The One after the Big One: Replacements, ALL SHOOK DOWN

Thursday, August 16, 2018
The Replacements, ALL SHOOK DOWN

Ah, the Replacements. It’s difficult to think of a band that ended sounding so much more different than they sounded when they began. From their snotty, shambolic 1981 debut, SORRY MA, FORGOT TO TAKE OUT THE TRASH, the band cut a path through punk clubs, rock clubs, theater stages and television studios, slashing and burning as they went, sometimes kind of sober, but most times not. By the time they ground to a halt with ALL SHOOK DOWN, they seemed spent, physically and emotionally, though not creatively. Not by a long shot.

Legend has it that ALL SHOOK DOWN was supposed to be frontman Paul Westerberg’s solo debut, which explains the preponderance of session players on the record, particularly drummers (Chris Mars played on a few songs and quit the band before the tour supporting the album had started). In fact, the album does sound more akin to Westerberg’s actual first solo album, 14 SONGS, than it does classics like LET IT BE or TIM, or even DON’T TELL A SOUL, the modest hit album that preceded it; for one thing, it’s a largely quieter record, with a different kind of energy than the band had at their peak.

There are some crunchy, rocking moments on the album. “Merry Go Round,” which kicks off the record, is quite guitar-forward, though the song’s pace is slower than such dynamics would usually portend. Concrete Blonde singer Johnette Napolitano duets with Westerberg on the loose “My Little Problem,” and provides him with exactly the foil he needs. “One Wink at a Time” has some of Westerberg’s best wordplay, set against a cracking rhythm section, and even a saxophone.
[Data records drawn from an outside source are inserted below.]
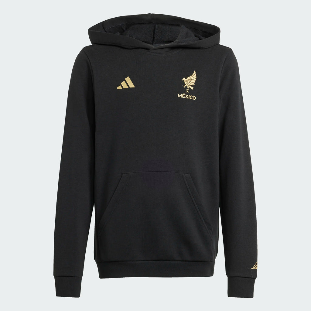 Let your soccer pride shine every time you pull on this juniors' adidas Mexico hoodie. Belonging to a special collection headlined by an eye-catching match kit, it features a golden 3 Bar Logo and team badge on the chest. The French terry fabric and ribbed cuffs ensure you stay comfortable while you treasure your team.
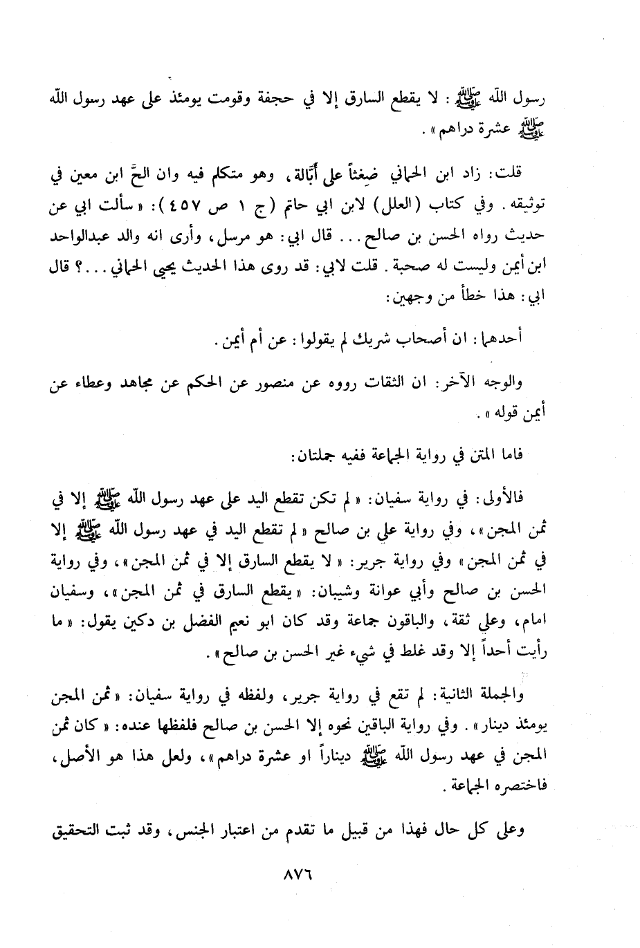فالأولى: في رواية سفيان: «لم تكن تقطع اليد على عهد رسول الله صلى الله عليه وسلم الا في ثمن المجن» . وفي رواية علي بن صالح: «لم تقطع اليد في عهد رسول الله صلى الله عليه وسلم الا في ثمن المجن» . وفي رواية جرير: «لا يقطع السارق الا في ثمن المجن» . وفي رواية الحسن بن صالح وأبي عوانة وشيبان: «يقطع السارق في ثمن المجن» . وسفيان إمام، وعلي ثقة، والباقون جماعة وقد كان أبو نعيم الفضل بن دكين يقول: «ما رأيت أحداً إلا وقد غلط في شيء غير الحسن بن صالح» .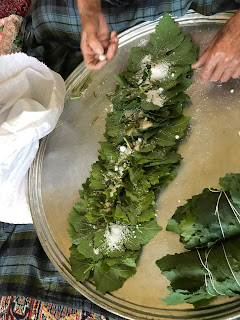 Köyde topladığımız yaprakları annem tuzlayıp salamuraya hazırlıyor.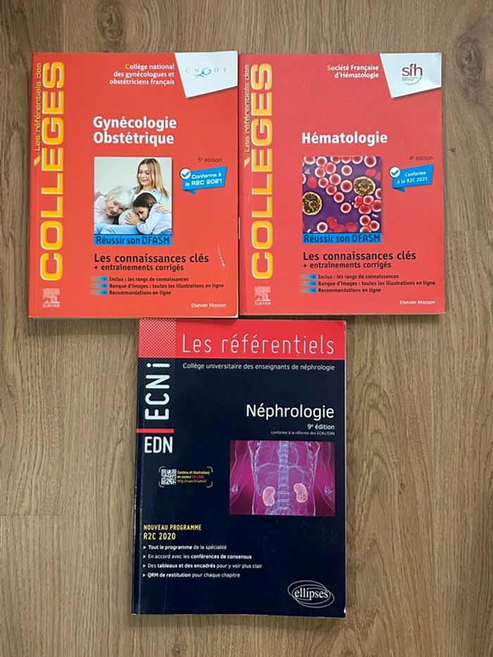 Lot de 3 livres pour ECNi / EDN : - Néphrologie - Gynécologie-obstétrique - Hématologie Pour études de médecine (concours de l’internat) Conformes à la R2C Elsevier Masson Tout neufs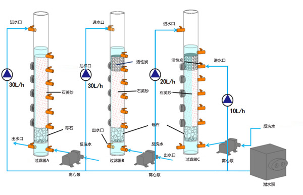 試驗(yàn)裝置如圖1所示,主體結(jié)構(gòu)采用有機(jī)玻璃制成,內(nèi)徑70mm,高度2000mm。過濾器包括進(jìn)水管、出水管、反沖洗水管、支撐層和過濾介質(zhì)層。200毫米高的支撐層由礫石制成。粒徑為0.5-1mm,和分別為1-2mm,過濾層的填料為石英砂和椰殼活性炭。過濾器A的填料層為1000mm石英砂。過濾器B、C的填料層均為上層200mm椰殼活性炭和下層800mm石英砂。根據(jù)水廠的設(shè)計規(guī)范,過濾器的過濾速度為8m/h,進(jìn)水流量為30L/h。過濾器A和B為單點(diǎn)進(jìn)水,過濾器C為兩點(diǎn)進(jìn)水,兩個進(jìn)水點(diǎn)分別位于過濾器頂部和20cm深度處;第一進(jìn)水點(diǎn)流量為20L/h,第二進(jìn)水點(diǎn)流量為10L/h。過濾器A和B是過濾器C的空白對照。過濾器每24小時反洗一次。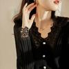 Casual Pullover Lace Blouse Women Autumn Slim V-Neck Hollow Elegant Blouses Office Lady Beading Shirt Women Clothing 23975
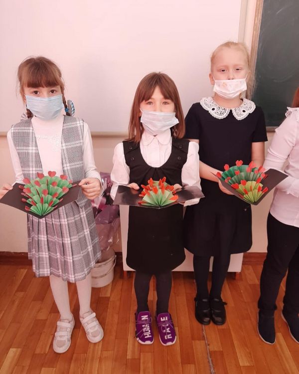 Учащиеся 2"В" класса приготовили подарки мамам своими руками.С праздником! Классный руководитель:Гибадуллина Е.Д.
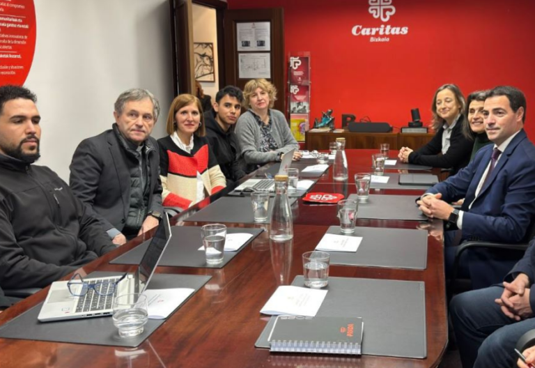 El presidente vasco visita la sede de la plataforma social de la Iglesia y conoce de primera mano el centro Hargindegi, donde se ofrecen servicios esenciales para familias y personas migrantes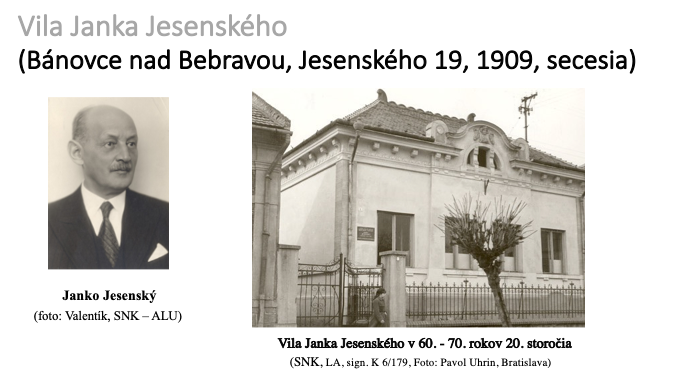 Janko Jesenský vo vile býval do roku 1914, keď musel narukovať. Jeho manželka sa z existenčných dôvodov odsťahovala do Revúcej k rodičom. Jesenský sa už do Bánoviec a ani k advokácii nevrátil. Po prvej svetovej vojne bol gemersko-malohontským županom, neskôr županom v Nitre a od roku 1928 pôsobil na Krajinskom úrade v Bratislave, od roku 1931 ako viceprezident. Funkcie sa vzdal v roku 1938 na protest proti fašizácii štátu (11).
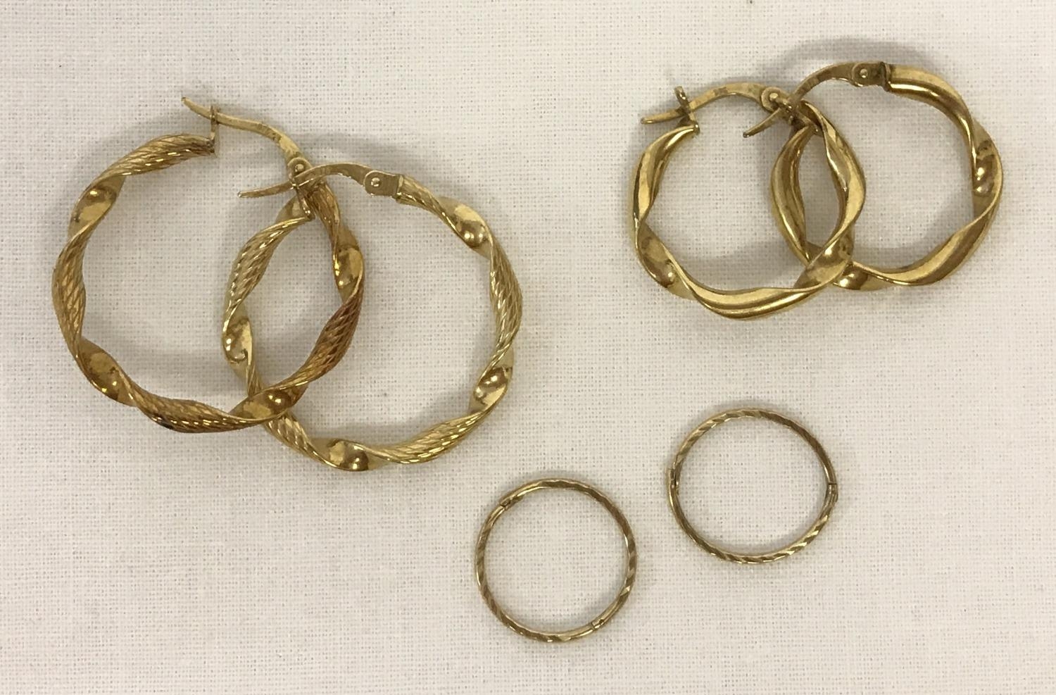 3 pairs of 9ct gold hoop earrings in varying sizes. 2 pairs of twisted style hoops together with a small pair of hoops with decoration to one side. Total weight approx. 3g.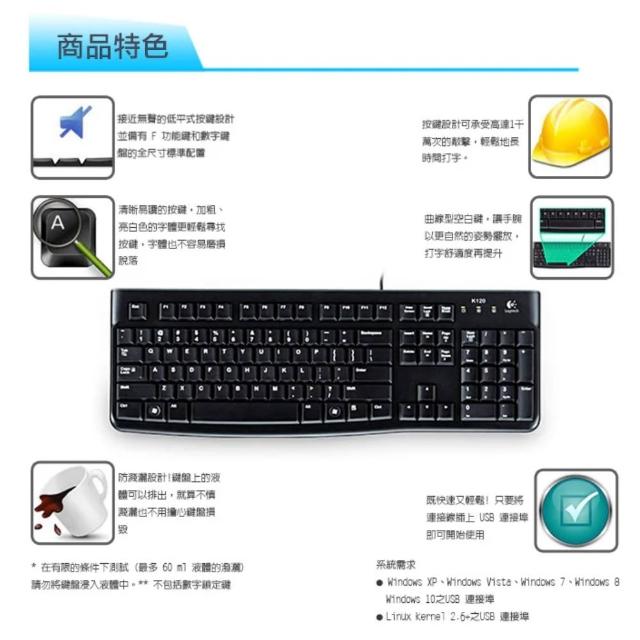 Logitech 羅技Logitech 羅技 K120 有線鍵盤 即插即用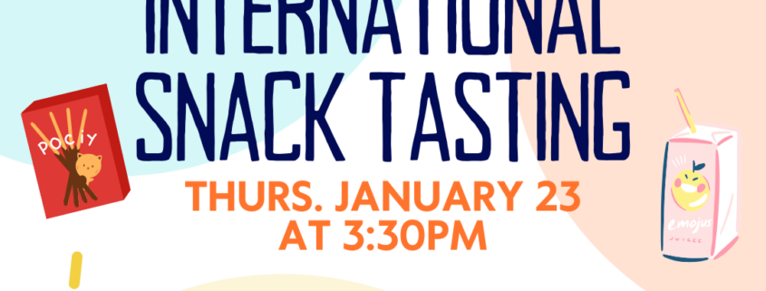 Join us for a trip around the world in food! We’ll try a tasty and interesting assortment of foods and give each a rating. No registration needed. This program is for youth in grades 5 and up.
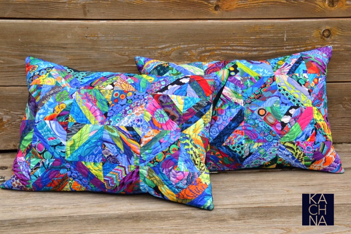 Polštář šitý patchworkovou technikou s geometrickým motivem pestrobarevných látek převážně od návrháře Kaffe Fasseta.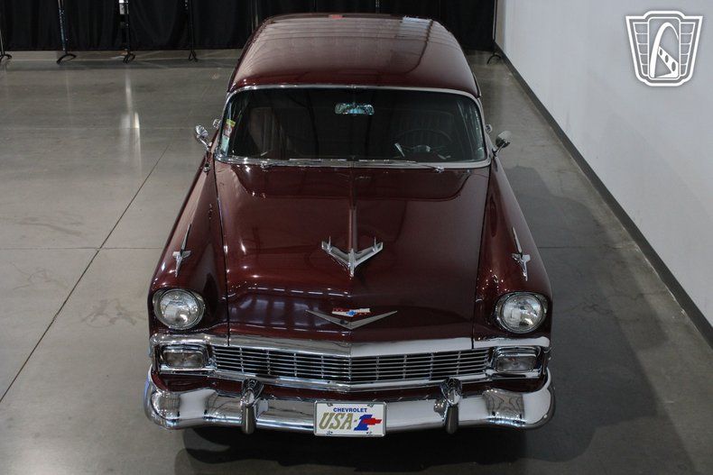 The 1956 Chevrolet Bel Air Nomad was part of the second generation of the Bel Air series, celebrated for its unique blend of practicality and style. As a two-door station wagon, the Nomad stood apart from its peers with its sporty design and upscale features, making it a favorite among car enthusiasts and families alike. With its AM/FM radio, CD player, and cassette tape player, this Nomad bridges the gap between classic and contemporary, offering a soundtrack for every drive, whether it's a golden oldie or a modern tune.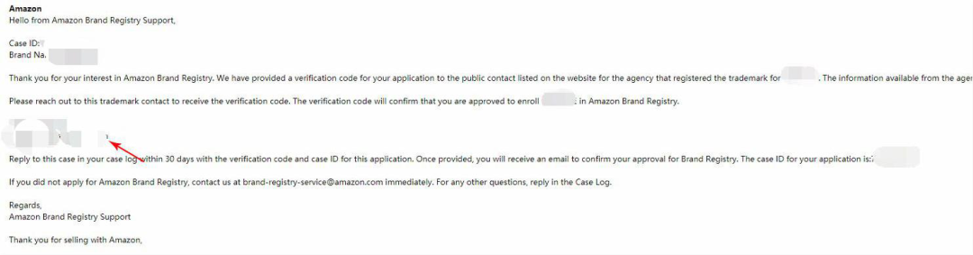 3. 完成以上步骤,大概24小时内会收到亚马逊的回复,回复邮件里会包含一个CASE ID,你需要回复该case并附上一个验证码。亚马逊会将验证码发送到你申请时填写的邮箱里,如果忘记了那个邮箱它也会在邮件中显示(如下图)。

But the acoustic guitars are front-and-center for much of the record. The wistful “When It Began” looks back at a relationship in the rear-view mirror — it could be a lover; it could be a band; it could be both. “Sadly Beautiful” and the title track, however, are real highlights — quiet and dour, with a hushed, late-night vibe, as though there were people in the room Westerberg didn’t want to wake as he spun his tales.

ALL SHOOK DOWN is a collection of terrific songs by a band starting to come apart. If you’re open to those songs, they’ll stay with you for a long, long time.